JPH0634543A - Infrared gas sensor - Google Patents

Abstract

PURPOSE:To downsize a sample cell of an infrared gas sensor and reduce its weight and also to enable execution of a highly-sensitive analysis. CONSTITUTION:A groove to serve as a gas flow passage is formed in the surface of each of two single-crystal silicon plates by etching. This groove is disposed in the shape of U or a semiellipse, the two silicon plates are stuck together and thereby a sample cell 11 is obtained. In the sample cell 11, gas flow passages 12A and 12B are formed by the grooves. Infrared rays are applied to the gas flow passages 12A and 12B and a detector 16 executes analysis of a gas component on the basis of absorption thereof. The sample cell 11 is made of silicon and, therefore, it is easy to make the sensor small in size and light in weight.

Description

Detailed Description of the Invention

[0001]

BACKGROUND OF THE INVENTION 1. Field of the Invention The present invention relates to a small and lightweight infrared gas sensor used for, for example, a gas analyzer.

[0002]

_2. Description of the Related Art Gas molecules composed of different atoms such as CO and CO ₂ have their own vibrations. When such a molecule is irradiated with infrared rays by continuously changing the wavelength, infrared rays having the same frequency as the natural vibration of the molecule are absorbed,
A spectrum corresponding to the structure of the molecule is obtained. The method of analyzing the molecular structure from this spectrum is called infrared absorption spectroscopy. Quantitative and qualitative analysis of gas molecules using this infrared absorption spectrum method is performed using an infrared gas sensor. For example, an infrared gas sensor is used for quantitative and qualitative analysis of gas molecules composed of different atoms such as CO, CO ₂ , CH ₄ , SO ₂ , or NOx.
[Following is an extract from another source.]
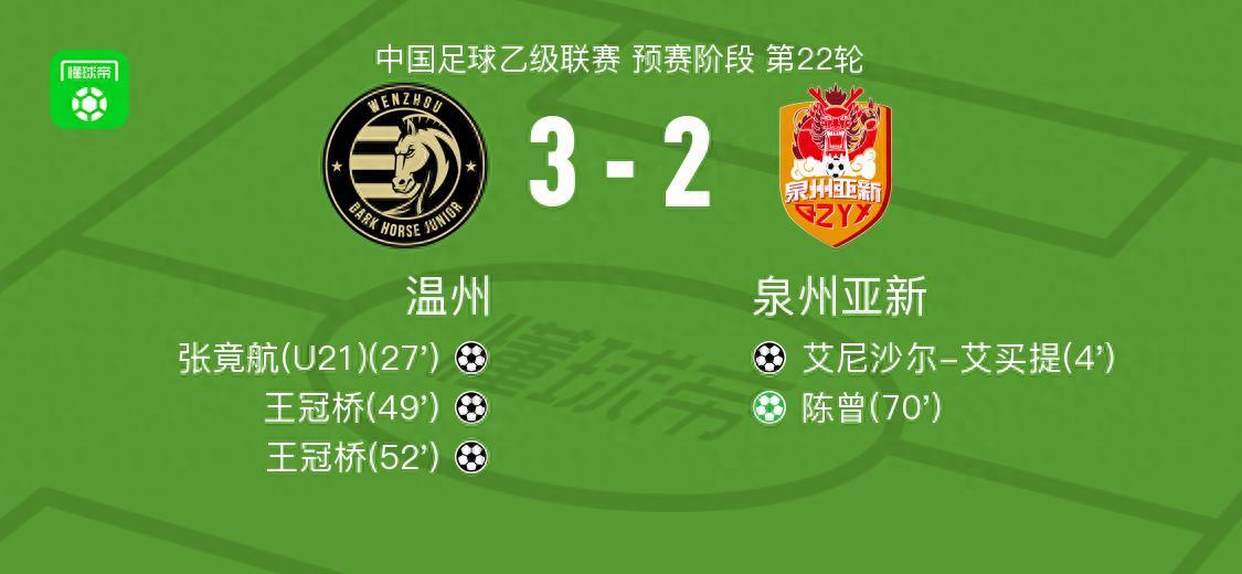 北京時間8月3日中國足球乙級聯賽 預賽階段 第22輪,溫州主場對陣泉州亞新。溫州張竟航破門,王冠橋梅開二度。泉州亞新艾尼沙爾-艾買提破門,陳曾破門。最終比分溫州 3-2 泉州亞新。

In this infrared gas sensor, infrared rays emitted from two light sources become intermittent light due to a rotating sector, one of which reaches a detector through an interference filter cell and a sample cell, and the other of which is an interference filter cell and a comparison cell. To reach the detector. At this time, a quantitative and qualitative analysis of the gas is performed by measuring the difference in infrared absorption of the gas passing through the sample cell and the comparison cell.
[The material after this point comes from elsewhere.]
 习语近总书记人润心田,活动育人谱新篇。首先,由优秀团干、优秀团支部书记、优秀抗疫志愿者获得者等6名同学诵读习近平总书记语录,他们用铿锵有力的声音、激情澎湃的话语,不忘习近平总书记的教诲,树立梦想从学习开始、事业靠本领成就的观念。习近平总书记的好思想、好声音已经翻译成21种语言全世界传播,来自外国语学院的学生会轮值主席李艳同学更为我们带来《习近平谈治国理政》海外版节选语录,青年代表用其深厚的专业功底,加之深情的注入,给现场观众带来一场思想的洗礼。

That is, the detector is divided into two chambers, a comparison side and a sample side, and a condenser film is provided between them. Further, since the measurement component or the gas having the same infrared absorption band as that component is enclosed in the detector, only the infrared ray having a wavelength peculiar to the measurement target component is absorbed.

The comparison cell is filled with an inert gas such as N ₂ gas. For this reason, this comparative cell does not absorb the irradiation infrared rays. On the other hand, when the sample cell contains the component to be measured, infrared absorption occurs due to this component. As a result, the absorption of infrared rays by the detector is smaller on the sample side than on the comparison side. The difference in heat energy at this time becomes a pressure difference between the two chambers, and the capacitor film is displaced.
This change in capacitance is detected, processed as a signal, and extracted as an output signal.

The material of the sample cell and the comparison cell of the infrared type gas sensor having such a principle is usually stainless steel, iron or the like in consideration of sensitivity, robustness and corrosiveness due to the sample gas.

[0007]

However, when stainless steel or the like is used for the sample cell and the comparison cell as described above, welding technology or the like is required. Further, in order to obtain high sensitivity, it is necessary to increase the volume of the cell, and the cell itself becomes large, for example, 250 mm × 70 mm × 70 mm. As a result, there are drawbacks such as a long sample gas flow path and a long infrared optical path, which results in a long analysis response time. The cell weight is, for example, 0.5 to
Since the weight is as heavy as about 2.0 kg, the analytical operation is not simple and easy.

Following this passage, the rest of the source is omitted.